> PROVIDED ENTRIES:

···

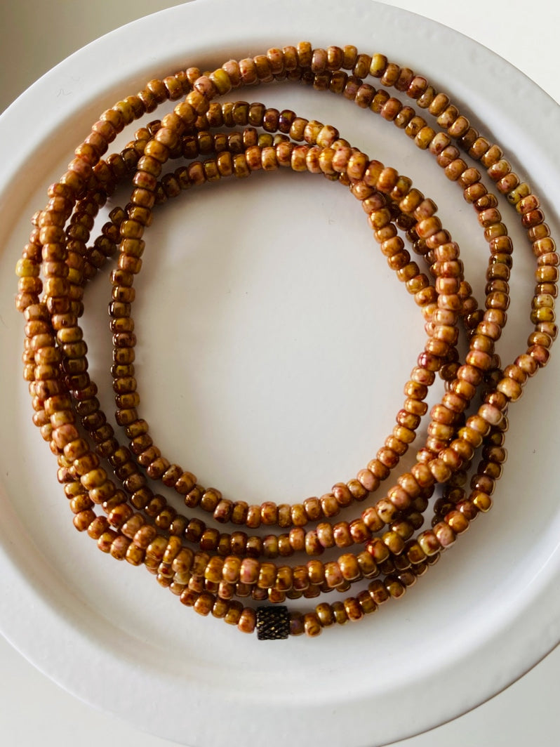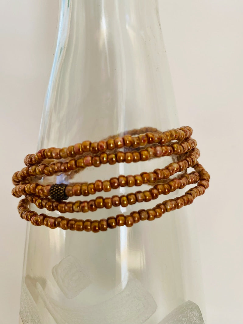Wickelarmband mit japanischen Rocailles-Perlchen in Rosé-Goldtönen und handgearbeiteter afrikanischer Messingrolle
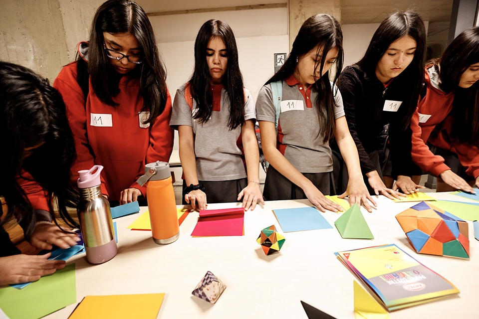 La tarde continuó con dos talleres participativos liderados por académicas y estudiantes del Departamento de Matemáticas de la Facultad de Ciencias, que incluyeron dinámicas de matemagia, papiroflexia y ejercicios creativos. “Ofrecimos en nuestros stands dos actividades pedagógicas. La primera fue Matemagia, un juego para adivinar un número que introduce, de manera lúdica, el concepto de los números binarios y enteros modulares: un contenido que habitualmente se estudia en la universidad, pero que aquí acercamos a estudiantes de enseñanza media a través del juego y la exploración”, relató Leslie Jiménez, coordinadora docente de la carrera de Pedagogía en Enseñanza Media en Matemática y Física, de la Facultad de Ciencias de la Universidad de Chile y parte del equipo organizador del evento.
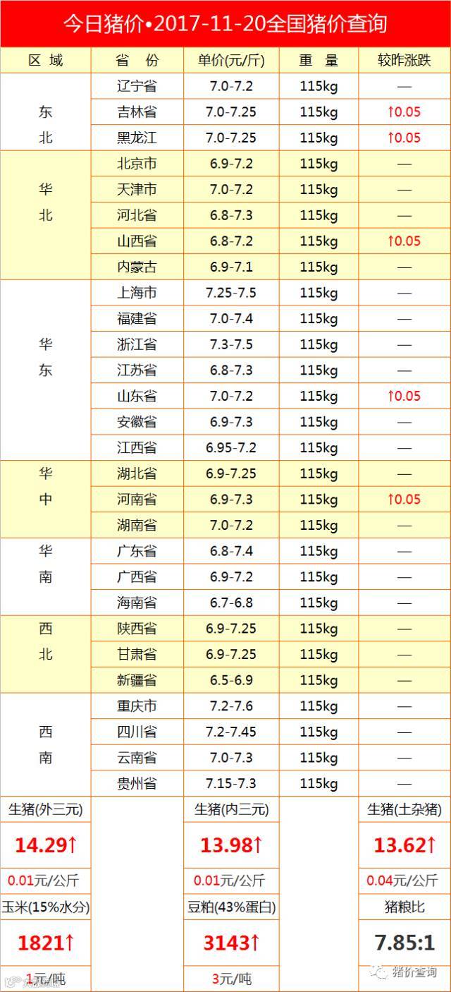 今日猪价•2017-11-20全国猪价 山东质德农牧
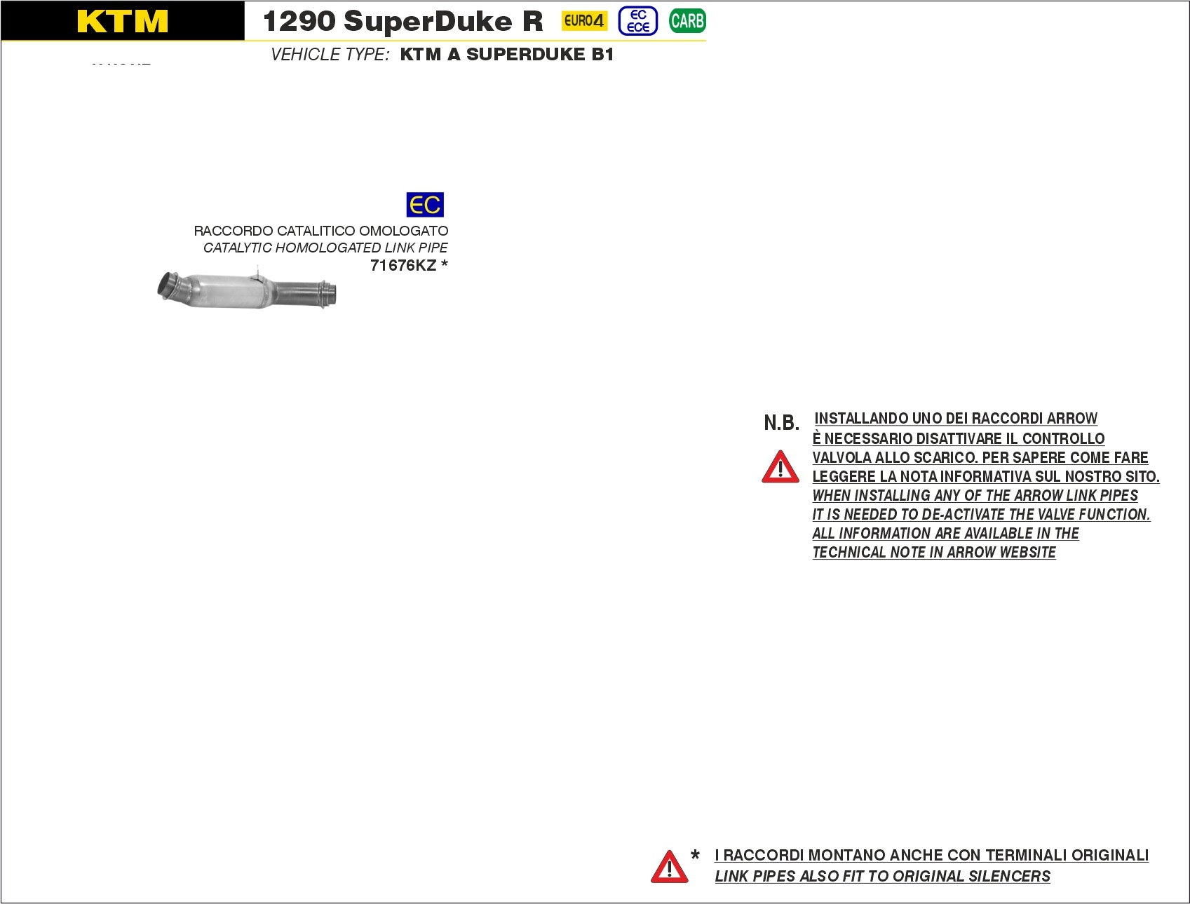 RACCORDO CENTRALE OMOLOGATO EURO4 EC ARROW KTM 1290 SUPERDUKE 2017-19
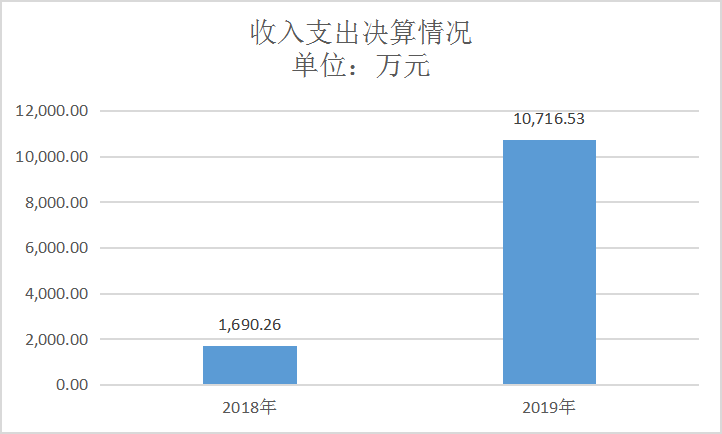 2019年度收、支总计10716.53万元。与2018年相比,收、支总计各增加9026.27万元,增长534.02%。主要变动原因是人员增加,专项资金增加。
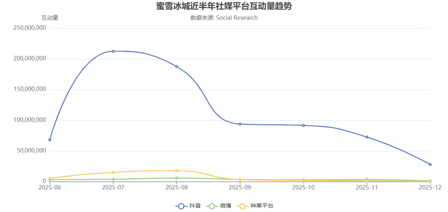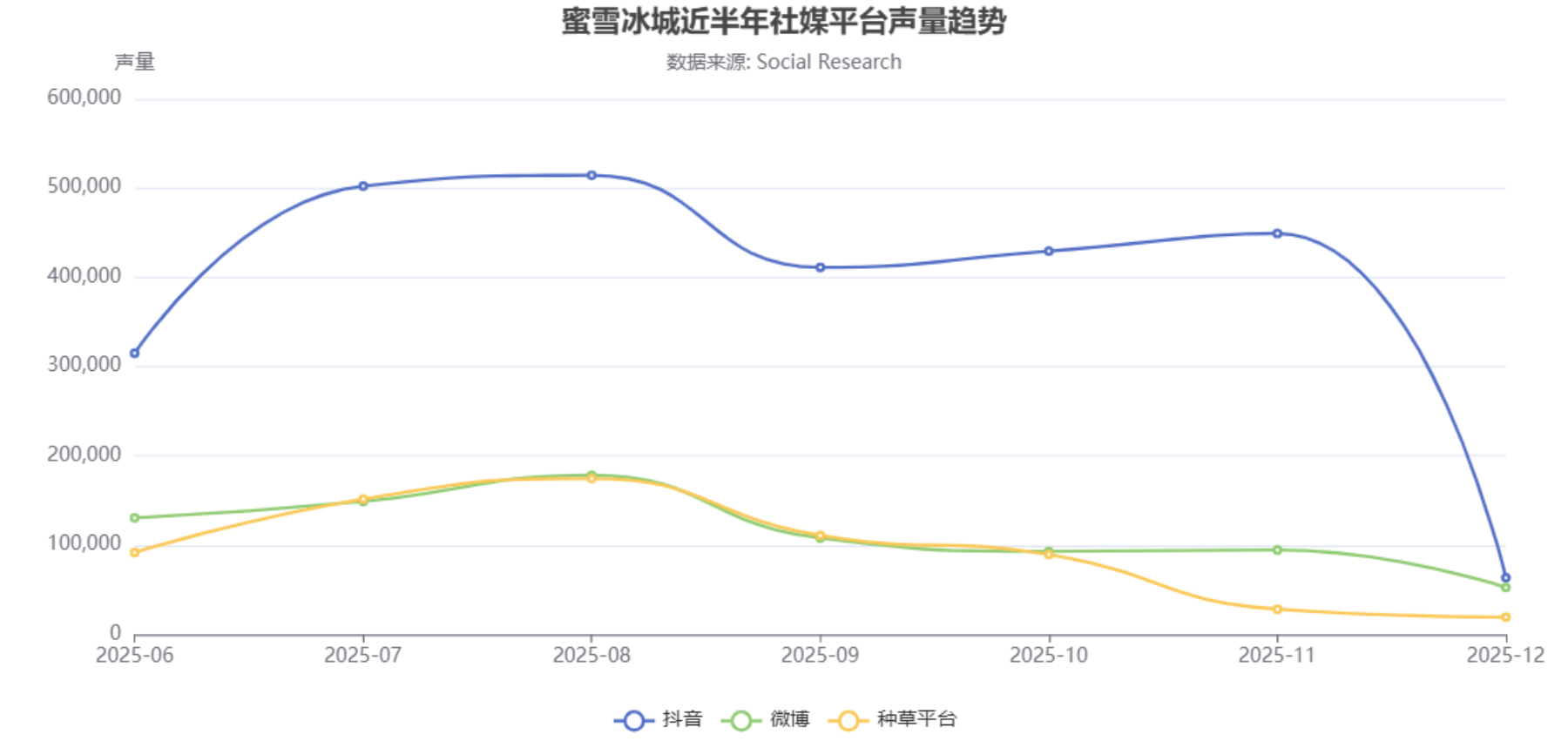 在2025年6月10日至12月10日期间,蜜雪冰城在抖音、微博和种草平台三大社交媒体上的表现各具特色。总体来看,品牌在各平台均保持了较高的活跃度,但用户的情感反馈和互动模式存在显著差异。
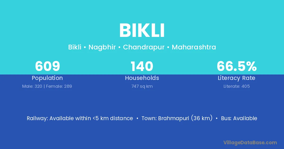 Brahmapuri (36 km) is the nearest town to Bikli village for major economic activities and is located approximately 36 km away.
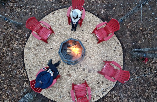 This single-story cabin accommodates 4 guests with 2 bedrooms, 1 sofa bed, a game room, a fireplace, and an outdoor fire pit.
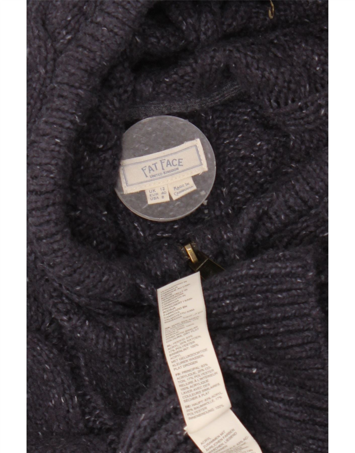 Suéter cardigã feminino com capuz Fat Face Reino Unido 12 médio azul marinho salpicado

···

> YOUR TASK: Output each of the lines above exactly, apart from the images.

> RESPONSE:
Wickelarmband mit japanischen Rocailles-Perlchen in Rosé-Goldtönen und handgearbeiteter afrikanischer Messingrolle
 La tarde continuó con dos talleres participativos liderados por académicas y estudiantes del Departamento de Matemáticas de la Facultad de Ciencias, que incluyeron dinámicas de matemagia, papiroflexia y ejercicios creativos. “Ofrecimos en nuestros stands dos actividades pedagógicas. La primera fue Matemagia, un juego para adivinar un número que introduce, de manera lúdica, el concepto de los números binarios y enteros modulares: un contenido que habitualmente se estudia en la universidad, pero que aquí acercamos a estudiantes de enseñanza media a través del juego y la exploración”, relató Leslie Jiménez, coordinadora docente de la carrera de Pedagogía en Enseñanza Media en Matemática y Física, de la Facultad de Ciencias de la Universidad de Chile y parte del equipo organizador del evento.
 今日猪价•2017-11-20全国猪价 山东质德农牧
 RACCORDO CENTRALE OMOLOGATO EURO4 EC ARROW KTM 1290 SUPERDUKE 2017-19
 2019年度收、支总计10716.53万元。与2018年相比,收、支总计各增加9026.27万元,增长534.02%。主要变动原因是人员增加,专项资金增加。
 在2025年6月10日至12月10日期间,蜜雪冰城在抖音、微博和种草平台三大社交媒体上的表现各具特色。总体来看,品牌在各平台均保持了较高的活跃度,但用户的情感反馈和互动模式存在显著差异。
 Brahmapuri (36 km) is the nearest town to Bikli village for major economic activities and is located approximately 36 km away.
 This single-story cabin accommodates 4 guests with 2 bedrooms, 1 sofa bed, a game room, a fireplace, and an outdoor fire pit.
 Suéter cardigã feminino com capuz Fat Face Reino Unido 12 médio azul marinho salpicado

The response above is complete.